Nothing below is to be printed except the lines between the line holding "The House of" and the line holding "This paper presents", inclusive, each exactly as it appears.

▶ _Input data_
+ + +

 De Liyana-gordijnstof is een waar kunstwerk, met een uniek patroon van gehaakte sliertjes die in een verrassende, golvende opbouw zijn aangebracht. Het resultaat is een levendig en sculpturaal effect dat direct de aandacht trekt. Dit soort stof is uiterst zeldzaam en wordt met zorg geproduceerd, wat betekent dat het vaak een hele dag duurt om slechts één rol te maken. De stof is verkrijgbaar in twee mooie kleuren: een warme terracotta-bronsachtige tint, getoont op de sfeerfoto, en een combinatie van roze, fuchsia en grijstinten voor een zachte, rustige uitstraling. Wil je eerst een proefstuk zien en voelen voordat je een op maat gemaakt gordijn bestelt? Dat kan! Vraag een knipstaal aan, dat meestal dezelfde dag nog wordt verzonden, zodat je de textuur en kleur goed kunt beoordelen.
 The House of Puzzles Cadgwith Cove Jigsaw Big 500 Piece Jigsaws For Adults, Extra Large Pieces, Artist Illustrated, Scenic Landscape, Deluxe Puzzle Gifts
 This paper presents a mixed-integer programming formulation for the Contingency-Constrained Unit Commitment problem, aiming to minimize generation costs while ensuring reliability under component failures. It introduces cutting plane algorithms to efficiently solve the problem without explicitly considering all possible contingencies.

+ + +

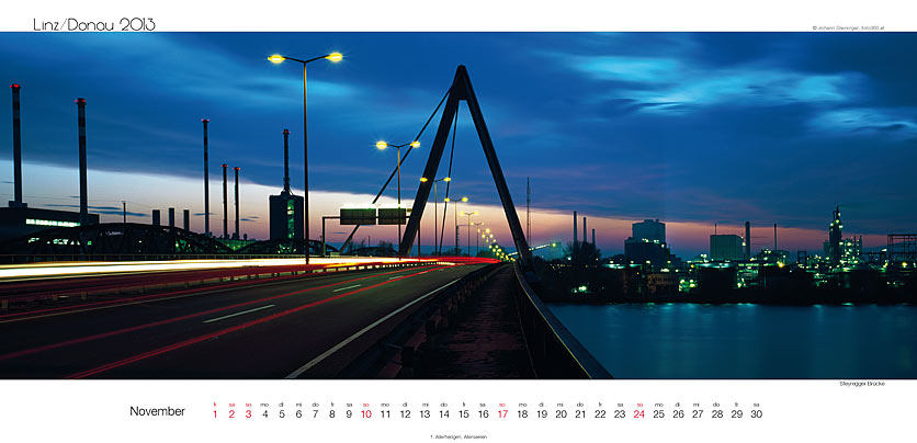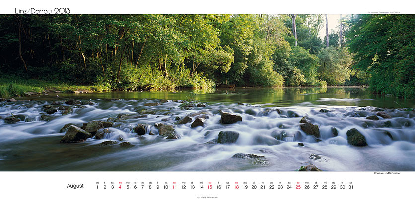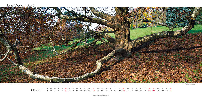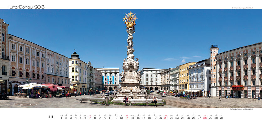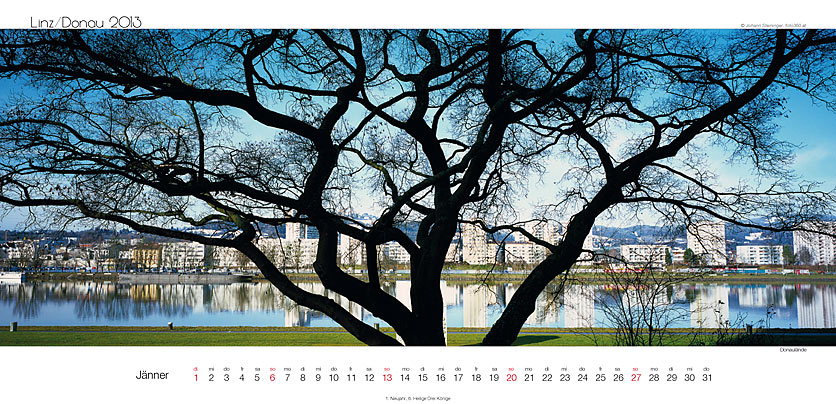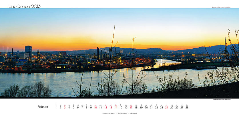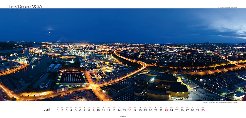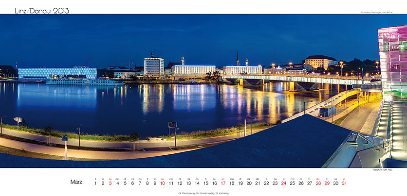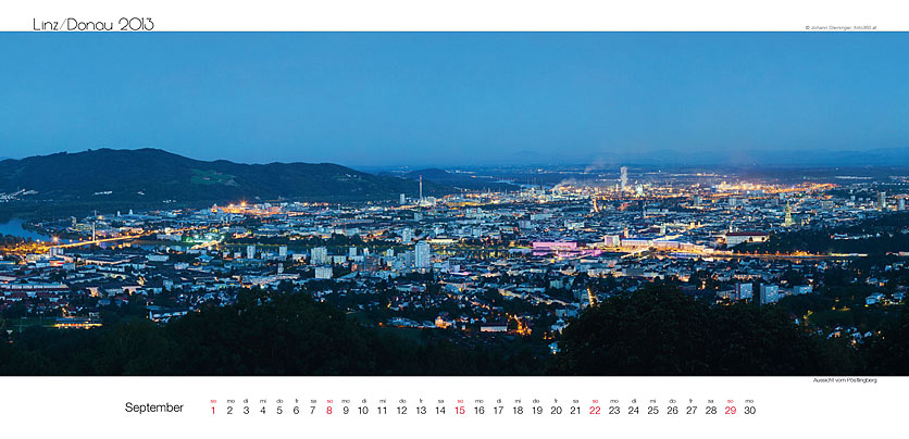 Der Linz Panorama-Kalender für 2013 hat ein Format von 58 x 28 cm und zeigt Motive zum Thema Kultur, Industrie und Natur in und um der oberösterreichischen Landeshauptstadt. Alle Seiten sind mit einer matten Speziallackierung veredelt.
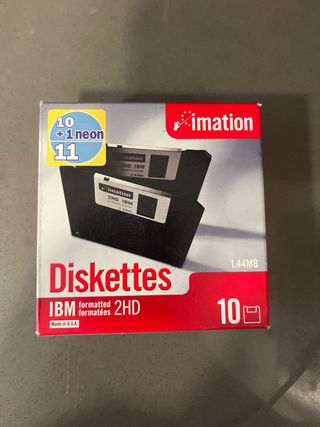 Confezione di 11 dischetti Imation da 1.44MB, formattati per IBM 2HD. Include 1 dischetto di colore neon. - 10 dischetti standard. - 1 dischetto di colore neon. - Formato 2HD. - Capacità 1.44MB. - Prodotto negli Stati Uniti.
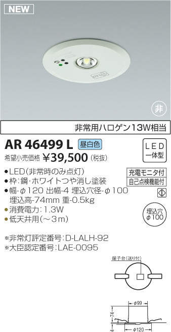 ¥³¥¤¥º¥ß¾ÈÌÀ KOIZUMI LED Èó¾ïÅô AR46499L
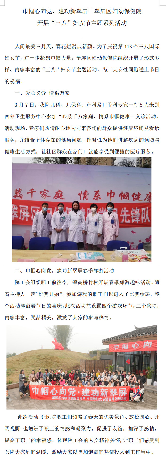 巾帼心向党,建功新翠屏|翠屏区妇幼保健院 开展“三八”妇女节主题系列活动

+ + +

▶ _Result for this task_
 The House of Puzzles Cadgwith Cove Jigsaw Big 500 Piece Jigsaws For Adults, Extra Large Pieces, Artist Illustrated, Scenic Landscape, Deluxe Puzzle Gifts
 This paper presents a mixed-integer programming formulation for the Contingency-Constrained Unit Commitment problem, aiming to minimize generation costs while ensuring reliability under component failures. It introduces cutting plane algorithms to efficiently solve the problem without explicitly considering all possible contingencies.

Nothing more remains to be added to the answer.